Par ailleurs, Mme [D] a été déchargée du traitement du courrier à compter du mois de décembre 2018, compte tenu de ses difficultés à le traiter dans le temps de travail qui lui était imparti.
Cependant, outre les aménagements ergonomiques du poste de travail, il était préconisé un accompagnement psychologique de Mme [D], comme il ressort du
mail du médecin du travail adressé à l’employeur le 2 mars 2018 ( pièce 41 de l’appelant).
La salariée n’a pas refusé l’ intervention de l’organisme Raison de Plus, contrairement à ce que l’intimée prétend. Elle a rencontré cet organisme qui a établi une proposition d’intervention.
La société Mutualité française Charente a refusé cette intervention, prétendant que la proposition n’était pas adaptée aux difficultés de Mme [D].
La cour constate que la proposition d’intervention n’est pas produite aux débats par l’employeur.
En tout état de cause, si l’intervention de l’organisme Raison de Plus ne lui paraissait pas adaptée, il appartenait à l’employeur de mettre en place un accompagnement approprié.
En ne prenant aucune mesure pour accompagner psychologiquement la salariée, alors qu’un accompagnement de cette nature avait été préconisé, l’employeur n’a pas respecté les obligations lui incombant.
La carence de l’employeur a causé un préjudice à Mme [D] qui sera évalué à la somme de 3000 euros.
Le jugement critiqué sera infirmé et la société Mutualité française Charente condamnée à payer cette somme à M. [D], en sa qualité d’ayant-droit de la salariée.
Sur la demande au titre du solde d’indemnité de licenciement
La société Mutualité française Charente justifie avoir réglé la somme de 919.46 euros par chèque remis le 27 janvier 2022 à Mme [D], qui a été encaissé par cette dernière.

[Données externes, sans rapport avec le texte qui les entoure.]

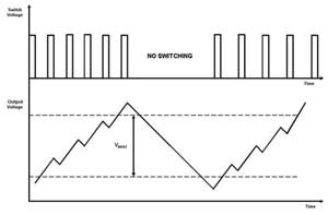 电阻阻值较低时,频率增加,当输入电压值较低时,频率下降。 在最低值R5时的Vg设置为零,C3增加,直到获得调制。 C3确定最大电荷传递量;较小的R3值需要较大的 值(大于交流电荷传递),以便实现相同的工作周期调制百分比。然后R5增加,直到工作周期匹配输入至输出比率。 此时,Vg增加到它的最大值。 如果工作周期不足够下降,则R5将增加,直到工作周期匹配输入到输出比率。 输入再次下降到它的最小值,并且如果工作周期不足够的高,则C3下降。 此过程将重复,直到时间常量 τ 允许工作周期在整个输入电压范围内相应的变化。
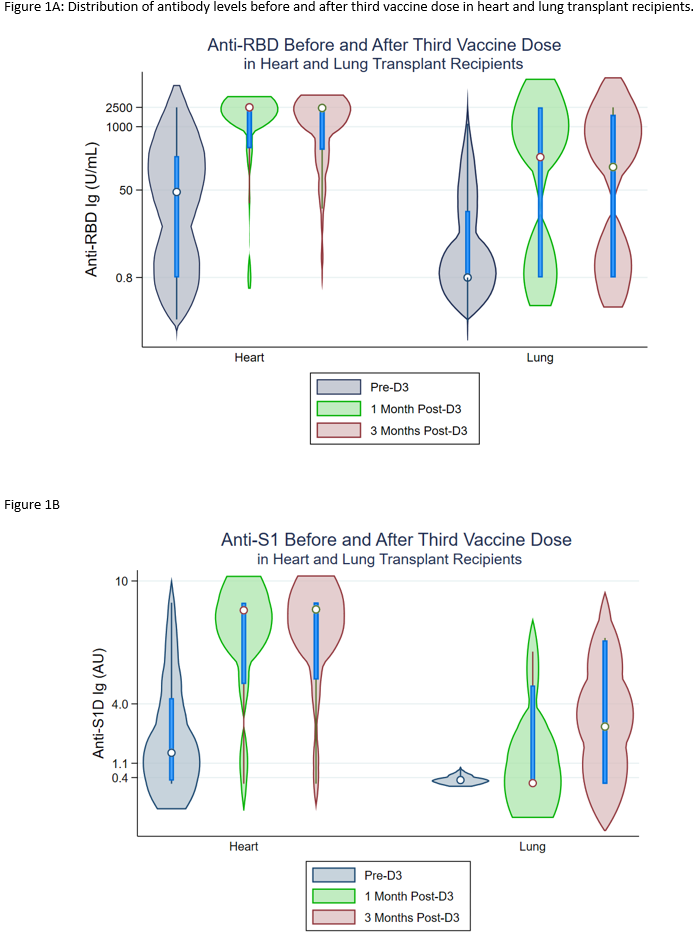 Results: HT and LT recipients were similar with respect to age, sex, and time since transplant (Table). More LT recipients reported triple-immunosuppression (14% vs 71%, p<0.001). Before D3, 35/111(32%) of HT vs 42/75(56%) of LT recipients were negative for anti-spike antibodies. By 1 month post-D3, 24/35(69%) HT and 15/42(36%) LT recipients seroconverted (negative to positive antibody). This was approximately stable at 3 months post D3; 24/35(69%) HT vs 16/39(41%) LT recipients. HT recipients had higher median anti-RBD and anti-S1 antibodies before D3, 1 month, and 3 months post-D3 on both assays at all timepoints (Figure 1A, 1B).

Toutefois, comme le fait valoir à juste titre l’appelant, l’intimée ne justifie pas avoir réglé les intérêts au taux légal qui ont couru à compter de la convocation par l’employeur devant le conseil de prud’hommes, en application de l’article 1231-6 du code du travail, jusqu’à la date du paiement du 27 janvier 2022.
Il n’y a dès lors pas lieu d’infirmer le jugement du conseil de prud’hommes sur ce point, mais il sera constaté le paiement de la somme de 919.46 euros.

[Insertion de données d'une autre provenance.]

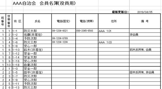 「基本情報」シートに入力された世帯主のデータをベースに「会員名簿(役員用)」シートを更新することができます。
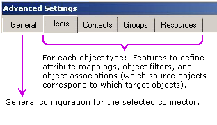 Most of a connector’s configuration settings are entered and edited in the Connector Creation Wizard, as described in the preceding section, but a few other settings can be entered in a separate Advanced Settings dialog box. CMN’s Directory Connector lets you fine-tune the attribute mappings, object-selection filters, and attribute associations (for source-target object matching), individually for each defined connector.
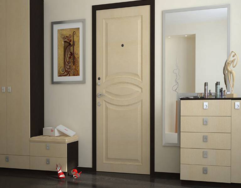 Pressed wood waste derivatives with paintwork are a great way to save money. The doors inside the apartment are subject to lower loads than the entrance, so the operational requirements for them are much lower.

Sur les frais de l’instance
La société Mutualité française Charente, partie perdante, sera condamnée aux dépens, ainsi qu’à payer à M. [D] la somme complémentaire de 1500 euros au titre des frais irrépétibles exposés en cause d’appel, en sus de la somme allouée en première instance sur le fondement de l’article 700 du code de procédure civile.
PAR CES MOTIFS,
La cour,
Infirme le jugement déféré sauf en ce qu’il a condamné la société Mutualité française Charente à payer à Mme [D] la somme de 919.49 euros à titre de reliquat d’indemnité de licenciement avec intérêts au taux légal à compter du 7 octobre 2020 et la somme de 1500 euros au titre de l’article 700 du code de procédure civile.

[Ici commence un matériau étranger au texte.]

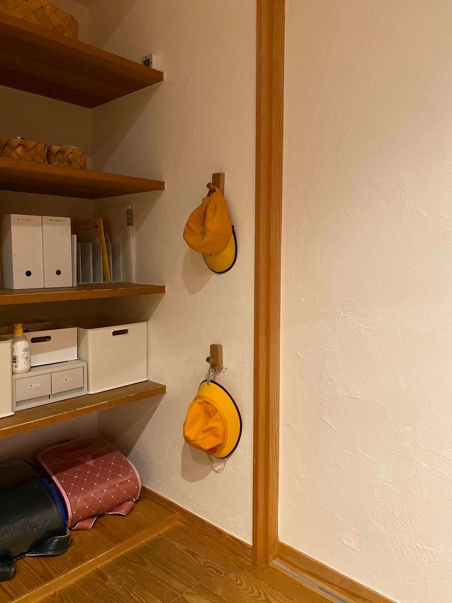 このシリーズには色んなところでお世話になっていて、子どもたちの学校の帽子も引っ掛けて浮かせています。
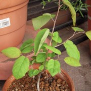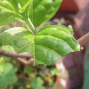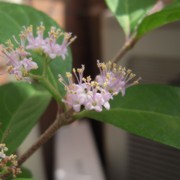 不自然な擬態をする尺取り虫と、食べられたコムラサキシキブの葉。
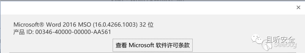 分析完網上流傳的樣本后,我準備嘗試替換cab文件中的文件后復現漏洞。安裝的office軟件版本:Microsoft Word 2016 (16.0.4266.1003):

Statuant à nouveau des chefs infirmés et y ajoutant,
Déclare nul le licenciement de Mme [D].
Condamne la société Mutualité française Charente à payer à M. [D], ayant-droit de Mme [D] :
— la somme de 30 000 euros de dommages et intérêts pour licenciement nul
— la somme de 5000 euros de dommages et intérêts pour licenciement vexatoire
— la somme de 3000 euros de dommages et intérêts pour exécution fautive du contrat de travail ;
Ordonne d’office le remboursement par l’employeur fautif aux organismes intéressés des indemnités de chômage versées à Mme [D], du jour de son licenciement au jour du présent arrêt, dans la limite de 6 mois d’indemnités ;
Constate que la somme de 919.49 euros au titre du reliquat d’indemnité de licenciement a été réglée le 27 janvier 2022 ;
Condamne la société Mutualité française Charente aux dépens ainsi qu’à verser à M. [D] la somme de 1500 euros au titre des frais irrépétibles exposés en cause d’appel.
Signé par Madame Marie-Hélène Diximier, présidente et par A.-Marie Lacour-Rivière, greffier, auquel la minute de la décision a été remise par le magistrat signataire.